There exist several LB functions in the literature. However, the UCR Suite uses only three of them. The authors argue that these three functions subsume all other lower bound measures concerning the tightness-efficiency trade-off. In other words, there is always a faster-to-compute LB with, at least, a similar pruning power.

The first LB calculated in the UCR Suite is the \(LB_{KimFL}\)—a simplification of the \(LB_{Kim}\) (Kim et al. 2001),—which is the sum of the distances between the first and the last pairs of observations of the time series. This measure is guaranteed to be an LB thanks to the boundary constraint of the DTW, specified in Definition 4.

The calculation of \(LB_{KimFL}\) is extremely fast (\({\mathcal {O}}(1)\)); however, it prunes a small percentage of the DTW comparisons. In the cases \(LB_{KimFL}\) fails to prune the distance calculation, the UCR suite uses the \(LB_{Keogh}\) (Keogh and Ratanamahatana 2005) lower bound function.

Briefly, the \(LB_{Keogh}\) constructs an envelope around the query, limited by the minimum and maximum values in the warping window for each observation. The lower bound measure is the squared Euclidean distance between the reference subsequence and the nearest envelope for each observation. \(LB_{Keogh}\) is slower (specifically, \({\mathcal {O}}(n)\)) than \(LB_{KimFL}\); however, \(LB_{Keogh}\) can prune a much larger number of objects.

Figure 2 illustrates the previously described LB functions.

Fig. 2
figure 2

The \(LB_{KimFL}\) (left) estimates a lower bound as the sum of the Euclidean distances of the first and last pairs of observations. The \(LB_{Keogh}\) (right) constructs an envelope around one of the time series and estimates the lower bound as the Euclidean distance from the other sequence to the nearest (lower or upper) envelope for each point outside the region encapsulated by the envelope

Finally, if the \(LB_{Keogh}\) also fails in pruning the DTW calculation, it is repeated, but inverting the roles of the query and the reference subsequence with respect to the envelope. Such procedure is valid because the \(LB_{Keogh}\) is asymmetric. So, its calculation using the reference subsequence to construct the envelope may result in a higher—and consequently tighter – value. In this case, the algorithm changes the value of the LB by the maximum between the two \(LB_{Keogh}\) calculated and re-evaluates the pruning of the pair.

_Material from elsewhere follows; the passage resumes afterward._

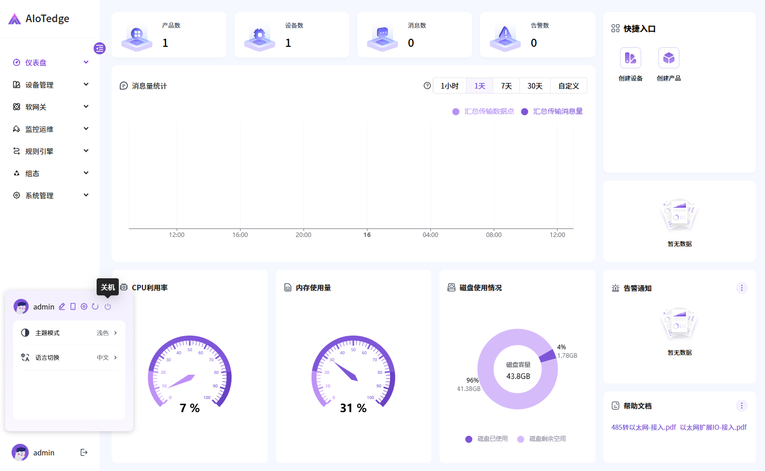 2-4、登录ThingsKit Edge【默认独立运行,不接云端】

In addition to pruning by LB, an important technique to speed up the time series search is early abandoning. In several cases, it is possible to know if the distance between a pair of time series will be greater than the bsf during the computation of necessary values for the search procedure. One example is the early abandoning during the \(LB_{Keogh}\) calculation. While calculating the LB, we incrementally increase its value. If at any step we find that the value of the partial LB is greater than the bsf, we can stop its calculation and skip to the next subsequence in the similarity search.

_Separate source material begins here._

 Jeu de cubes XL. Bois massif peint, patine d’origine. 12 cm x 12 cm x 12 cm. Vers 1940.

Two techniques may be used in this step to further improve the runtime of the search in addition to the LB calculation. The first one is z-normalization. The normalization procedure is necessary to improve the matching of subsequences in the presence of offset and amplitude variation Keogh et al. (2009). This procedure transforms the time series such that the mean of its observations is \(\mu =0\) and the standard deviation is \(\sigma =1\).

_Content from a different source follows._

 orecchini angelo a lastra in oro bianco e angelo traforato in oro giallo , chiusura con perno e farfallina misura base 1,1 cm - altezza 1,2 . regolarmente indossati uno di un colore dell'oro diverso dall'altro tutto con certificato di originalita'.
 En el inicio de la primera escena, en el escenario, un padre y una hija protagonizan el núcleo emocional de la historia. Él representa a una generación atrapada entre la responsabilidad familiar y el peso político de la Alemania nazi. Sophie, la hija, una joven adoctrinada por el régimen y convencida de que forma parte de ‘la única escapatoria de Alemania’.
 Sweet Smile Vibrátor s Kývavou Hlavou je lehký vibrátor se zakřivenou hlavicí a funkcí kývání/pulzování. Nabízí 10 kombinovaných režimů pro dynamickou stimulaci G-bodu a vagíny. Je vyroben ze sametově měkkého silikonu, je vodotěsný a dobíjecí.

A straightforward batch algorithm to calculate the z-normalization can harm to the search runtime. Instead, the UCR suite implements it incrementally. This approach allows interspersing the z-normalization with the LB calculation. In this way, if we can early abandon the LB function, we are also abandoning the z-normalization calculation.

For this purpose, we need to look at the definitions of mean and squared standard deviation (variance). Equation 4 defines such statistics for a subsequence of the time series x starting at the p-th observation.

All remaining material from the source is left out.